Exercise description: Restate the following data in its entirety, word for word and without images.

(Extracted data entries)
==================================================

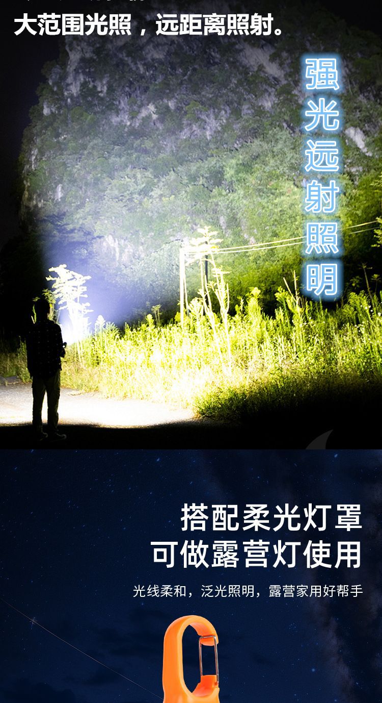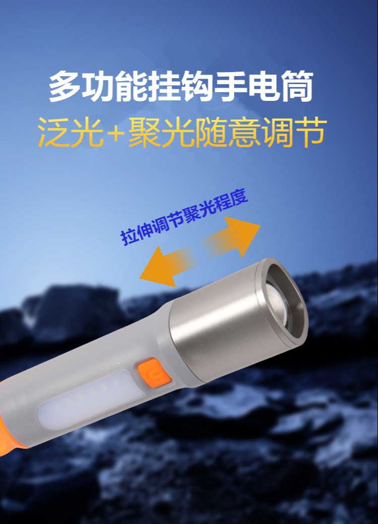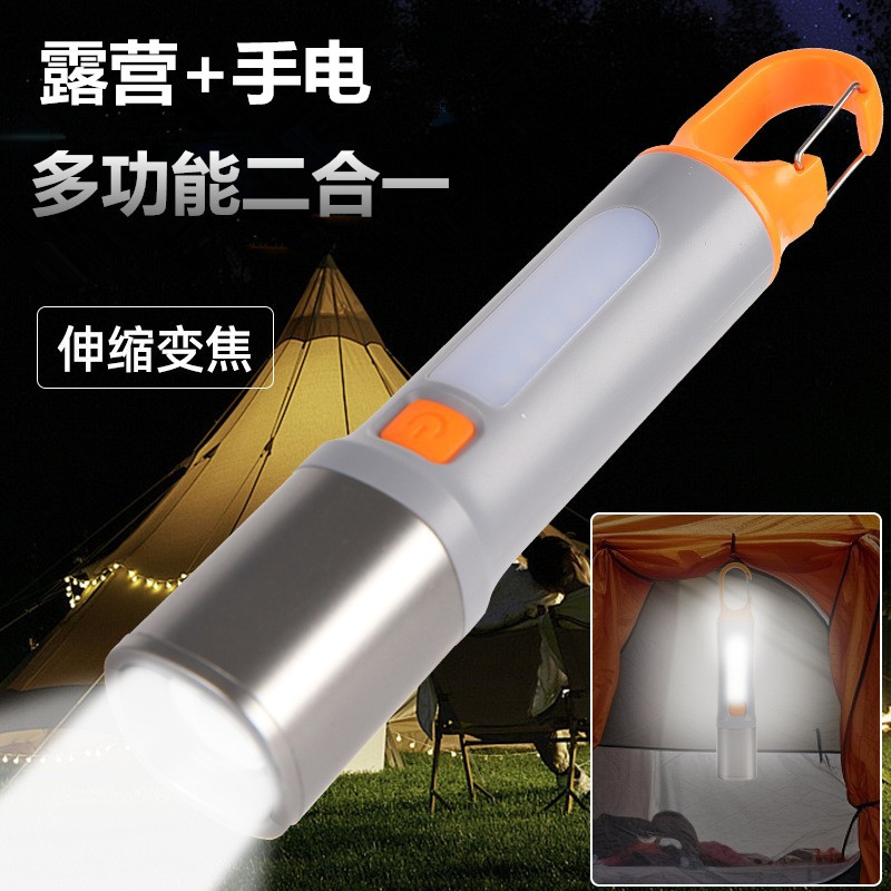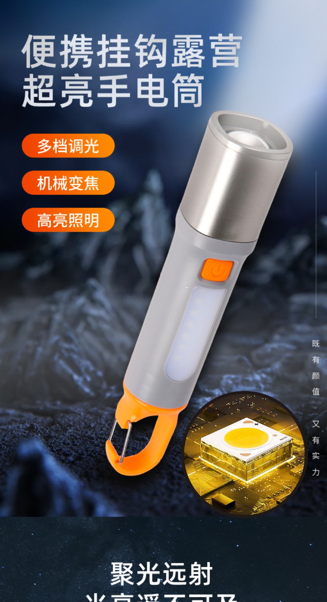 Трансграничный светодиодный фонарик, сильный свет, уличная зарядка, ультра-яркий USB-телескопический фокус, аварийный бытовой крючок, походный светильник
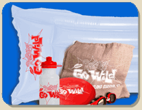 Embassy Suites is also co-sponsoring a special contest where 5 lucky winners will receive a 7 day, 6 night, round-trip vacation for 4 people to an Embassy Suites hotel in Puerto Rico (top right), where they'll also receive US$1000 cash, plus join the fun at a special "island party" (Total Value: US$6800 for each prize package). 500 people will win a consolation prize -- a "Rugrats Go Wild Island Survival Kit" (bottom right), consisting of a bag, frisbee inflatable mattress, waterbottle and goggles -- all emblazoned with the "Rugrats Go Wild" logo (Total Value: US$15 for each prize package). Participants aged 5 to 15 years may enter either by mailing their entries in, by buying specially marked Cap'n Crunch or Life cereals, or online at Nick.Com. Contest closes 10/24/2003. (All graphics from Nick.Com; ©2003 Viacom.) |
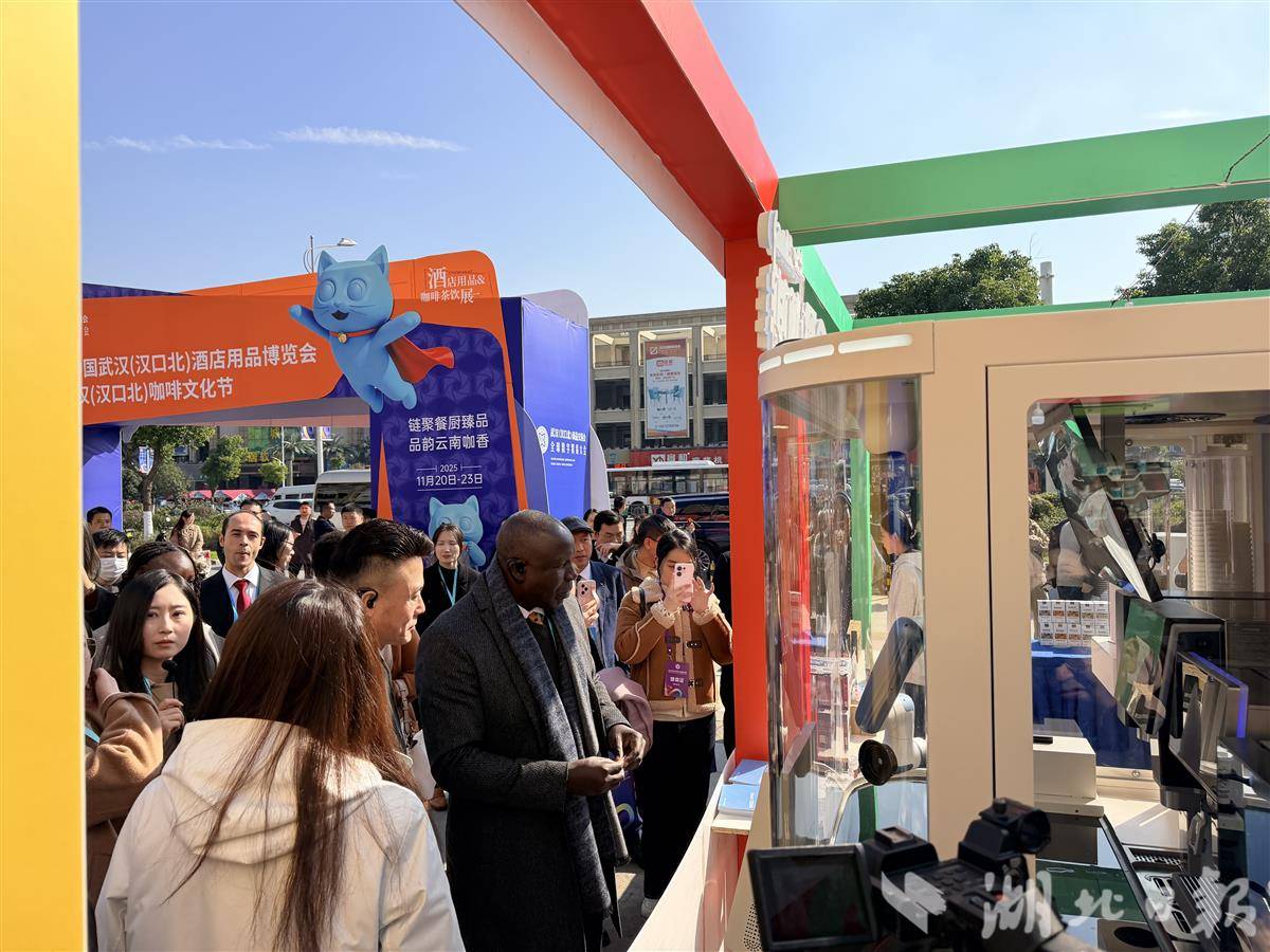 视线越过氤氲着草本香气的展位,汉交会的咖啡版图展现出更宏大的全球视野。不远处,深圳灵犀咖啡的展台被观众层层围住。银白色的精密机械臂如咖啡大师般优雅运转,磨豆、压粉、萃取、打奶……所有动作在方寸之间精准完成,最快60秒,一杯品质稳定的拿铁便稳稳送出。肯尼亚驻华大使威利·贝特先生刚刚从这只“铁臂”手中接过饮品,他惊喜地打量这杯咖啡,向身旁的参展商竖起大拇指,连声称赞“Very Good!”更进一步提到:“武汉拥有非常独特的供应链优势,水陆空运输体系高效便捷,我得好好了解一下,探索未来我们如何开展更深入的合作。”
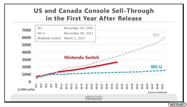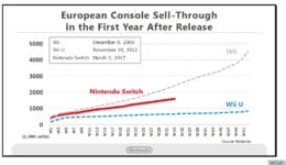 Otro de los puntos de los que se ha hablado en esta exposición, han sido las ventas de Nintendo Switch. Desde su salida, la consola híbrida de Nintendo lleva la friolera de 7,63 millones de unidades vendidas en todo el mundo. Parece ser que la Gran N está sabiendo afrontar los errores del pasado para no volver a cometerlos. En este caso, lo que se han presentado son unos gráficos comparando la salida de Nintendo Switch con las ventas de salida de Wii y Wii U en Norteamérica, Japón y Europa. Como se puede comprobar, a las pocas semanas las ventas de Wii superan a las de Nintendo Switch, pero ¿por qué? Por una razón muy sencilla, y es que tanto Wii como Wii U, sus fechas de lanzamiento fueron enfocadas a la campaña navideña, siendo una gran estrategia. Por el contrario, Nintendo Switch fue lanzada en marzo, siendo una fecha totalmente diferente y algo más complicada a nivel de ventas. Por ello, aunque en los gráficos se vea que Wii despunta más, no hay que menospreciar el nivel de ventas que está teniendo la consola de los Joy-Con.
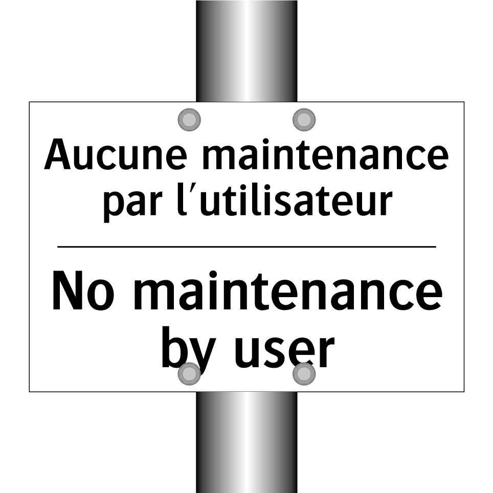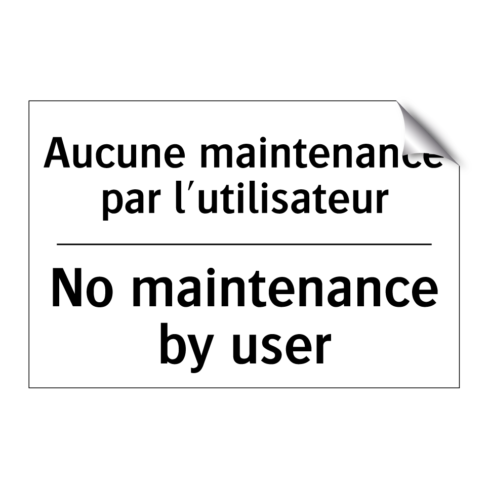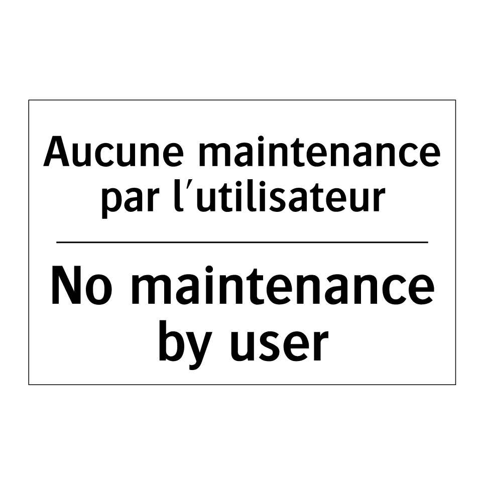 Panneau d'interdiction bilingue avec texte en français : "Aucune maintenance par l'utilisateur", et en anglais : "No maintenance by user"

==================================================

Result:
 Трансграничный светодиодный фонарик, сильный свет, уличная зарядка, ультра-яркий USB-телескопический фокус, аварийный бытовой крючок, походный светильник
 Embassy Suites is also co-sponsoring a special contest where 5 lucky winners will receive a 7 day, 6 night, round-trip vacation for 4 people to an Embassy Suites hotel in Puerto Rico (top right), where they'll also receive US$1000 cash, plus join the fun at a special "island party" (Total Value: US$6800 for each prize package). 500 people will win a consolation prize -- a "Rugrats Go Wild Island Survival Kit" (bottom right), consisting of a bag, frisbee inflatable mattress, waterbottle and goggles -- all emblazoned with the "Rugrats Go Wild" logo (Total Value: US$15 for each prize package). Participants aged 5 to 15 years may enter either by mailing their entries in, by buying specially marked Cap'n Crunch or Life cereals, or online at Nick.Com. Contest closes 10/24/2003. (All graphics from Nick.Com; ©2003 Viacom.) |
 视线越过氤氲着草本香气的展位,汉交会的咖啡版图展现出更宏大的全球视野。不远处,深圳灵犀咖啡的展台被观众层层围住。银白色的精密机械臂如咖啡大师般优雅运转,磨豆、压粉、萃取、打奶……所有动作在方寸之间精准完成,最快60秒,一杯品质稳定的拿铁便稳稳送出。肯尼亚驻华大使威利·贝特先生刚刚从这只“铁臂”手中接过饮品,他惊喜地打量这杯咖啡,向身旁的参展商竖起大拇指,连声称赞“Very Good!”更进一步提到:“武汉拥有非常独特的供应链优势,水陆空运输体系高效便捷,我得好好了解一下,探索未来我们如何开展更深入的合作。”
 Otro de los puntos de los que se ha hablado en esta exposición, han sido las ventas de Nintendo Switch. Desde su salida, la consola híbrida de Nintendo lleva la friolera de 7,63 millones de unidades vendidas en todo el mundo. Parece ser que la Gran N está sabiendo afrontar los errores del pasado para no volver a cometerlos. En este caso, lo que se han presentado son unos gráficos comparando la salida de Nintendo Switch con las ventas de salida de Wii y Wii U en Norteamérica, Japón y Europa. Como se puede comprobar, a las pocas semanas las ventas de Wii superan a las de Nintendo Switch, pero ¿por qué? Por una razón muy sencilla, y es que tanto Wii como Wii U, sus fechas de lanzamiento fueron enfocadas a la campaña navideña, siendo una gran estrategia. Por el contrario, Nintendo Switch fue lanzada en marzo, siendo una fecha totalmente diferente y algo más complicada a nivel de ventas. Por ello, aunque en los gráficos se vea que Wii despunta más, no hay que menospreciar el nivel de ventas que está teniendo la consola de los Joy-Con.
 Panneau d'interdiction bilingue avec texte en français : "Aucune maintenance par l'utilisateur", et en anglais : "No maintenance by user"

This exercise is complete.